これぞ『エピソード0』の面白さ。徐々に平穏が壊れゆく、運命の転機の物語

 先がどうなるのだろう、とあれこれ想像させられ、読む手が止まらなくなりました。

 本作は、「ギリシャ物語Ⅰ」の前日譚に当たる作品です。
 本編の主人公であるティリオンは、ある時にアテナイの国を脱出し、追われる身となります。

 その脱出・逃亡に至るまでの日々が描かれるエピソードなのですが、序盤の段階ではティリオンはとても平和な状態で暮らしており、周囲にいる『剣の師匠』であるフレイウス(本編ではティリオンを捕まえようと追跡する役)たちと、とても良好な関係を築いています。

 この幸せな状態から、一体どうして脱出・逃亡するような事態に?
 そんな疑問が浮かんだ瞬間、もう完全に「沼」にはまりました。

 やはりこれぞ、「エピソード0」の面白さだ! と自信を持って言えます。

 「後々にある種の悲劇・対立状態」になることがわかっている主人公。

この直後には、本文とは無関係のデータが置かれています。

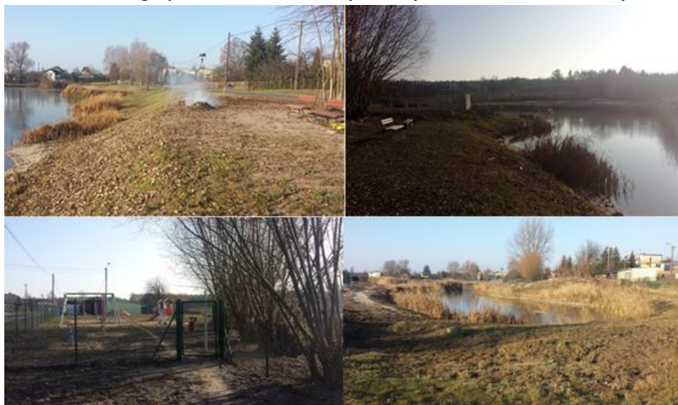
Zdjęcie 22. Aktualne zagospodarowanie terenów położonych nad zbiornikiem wodnym w Janowie

Zagospodarowanie terenu zlokalizowanego nad zbiornikiem jest dosyć ubogie i ogranicza się do nielicznych obiektów małej architektury (ławki) oraz ogrodzonego plac zabaw, zlokalizowanego w sąsiedztwie zbiornika. Niemniej, należy podkreślić, że zbiornik jest w dużej mierze oczyszczony, a teren wokół niego wraz z istniejącymi nasadzeniami jest uporządkowany. Teren ten jest również ogrodzony, co zapewnia bezpieczeństwo jego użytkownikom. Ograniczona dostępność infrastruktury nad zbiornikiem w Janowie osłabia jednak możliwości jego pełnego wykorzystania przez lokalnych mieszkańców w celach wypoczynkowo-rekreacyjnych.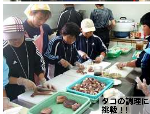
タコの調理に挑戦！！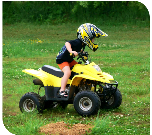
Räknas inte som lekfordon.

En vårdnadshavare eller annan vuxen som tillåter ett barn att köra fyrhjuling kan dömas för tillåtande av olovlig körning. Straffet för den vuxne är dagsböter. Det kan också medföra konsekvenser för körkortet. Även barnets framtida möjligheter att få körkortstillstånd påverkas. Om barnet fyllt 15 år kan det dessutom dömas till dagsböter för olovlig körning.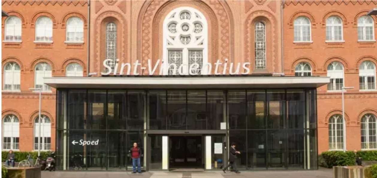
Sint-Vincentiusstraat 20 , 2018 Antwerpen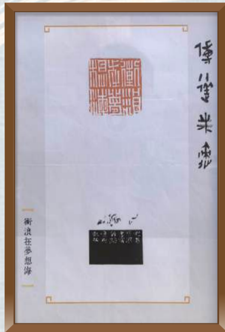
“冲浪在梦想海”印屏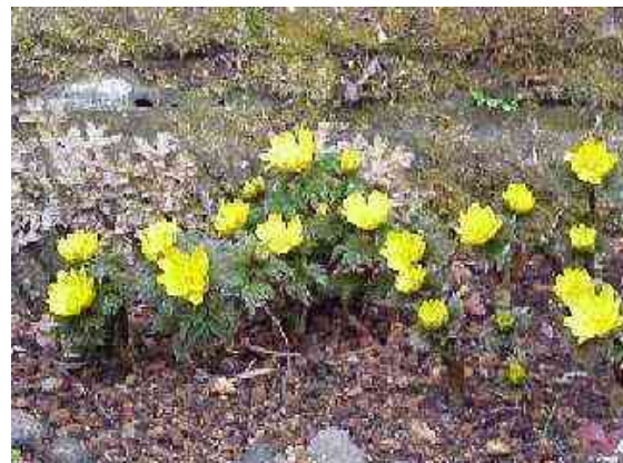
キンポウゲ科フクジュソウ属の多年草。寒い北海道、東北の山地に自生。日当たりの良い斜面で多く見られます。春一番に咲く縁起の良い花として床飾りなどに用いる。花言葉は「しあわせを招く」です。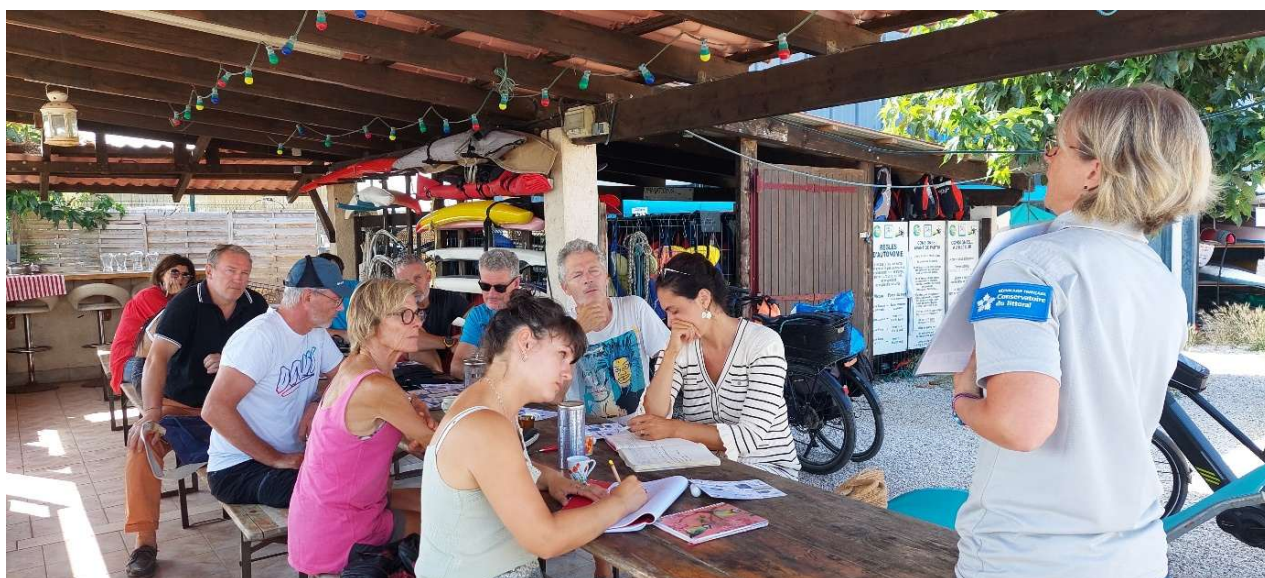
Les guides bénévoles de PKM et les intervenantes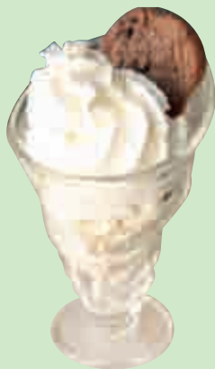
Cookie Crazy 4,50

2 boules cookie-dough, cookie au chocolat, sauce chocolat, crème fouettée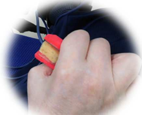
中央がスポンジになった 柔らかい装置でクリック可能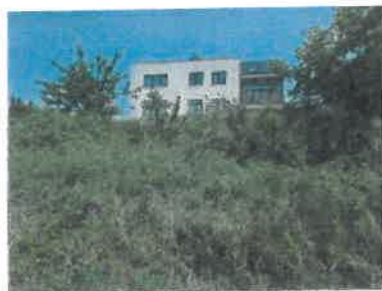
RD na p.č.5325/21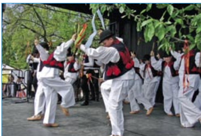
Velikonoční verbuňk tančí šohajiči z Dolinečky.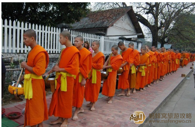
tuxiaoqi 琅勃拉邦清晨布施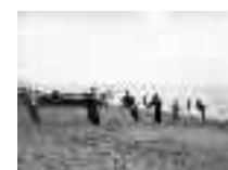
Sacando el arte al final de la jornada. Garrucha. Año 1917. Página: 48, 49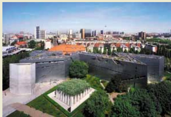
Еврейский музей в Берлине когда-то превратил Даниэля Либескинда в мировую знаменитость. Он позволяет посетителям на некоторое время отвлечься от повседневности и погрузиться в сложную эпоху Второй мировой войны.

Покорил конкурсную комиссию проект в первую очередь своей дешевизной. Изначально Еврейский музей планировался как филиал краеведческого музея Западного Берлина, и лишних денег на его создание у администрации не было. К тому же имелся целый ряд жестких технических условий, которые для многих проектировщиков стали непреодолимым препятствием, а Даниэль Либескинд разрешил их чуть ли не играючи. В частности, необходимо было объединить новое здание с основным, которое являлось архитектурным памятником XVIII века, и не исказить, при этом, внешний вид великолепного дворца эпохи барокко. Архитектор решил задачу довольно просто: он сделал между обоими зданиями невидимый снаружи подземный переход. Чтобы удлинить путь вдоль экспозиции, здание выполнено в плане зигзагообразным. В этом зигзаге многие сразу устремились сломанную звезду Давида — символ трагической еврейской судьбы.

その主人公の身にこれから何が起こり、物語はスタート地点に到達するのか。

 「ベルセルク」のガッツとグリフィスでもいいし、「喰霊‐零‐」の黄泉と神楽でもいい。「とても信頼し合っていたはずの仲間」が、「後に対立する」という構図が提示される。要するに「この先どうやって、この関係がこじれるの!?」という感覚は、ある種の怖いもの見たさにも通ずる興奮を与えてくれます。

 本作はそういった「平穏から不穏へとじわじわ変転する緊張感」をしっかりと味わわせてくれ、読者を最後まで楽しませてくれることでしょう。

 更に、ギリシャの貴族男性の間にあった「ある習慣」についての知識を得ることもでき、「OH! なんと! なんと!」と激しく心を揺さぶられることになりました(第八章に注目!)。

 勉強にもなり、そして圧倒的なリーダビリティとキャラクターの魅力を味わえる、珠玉の作品。激しくオススメです!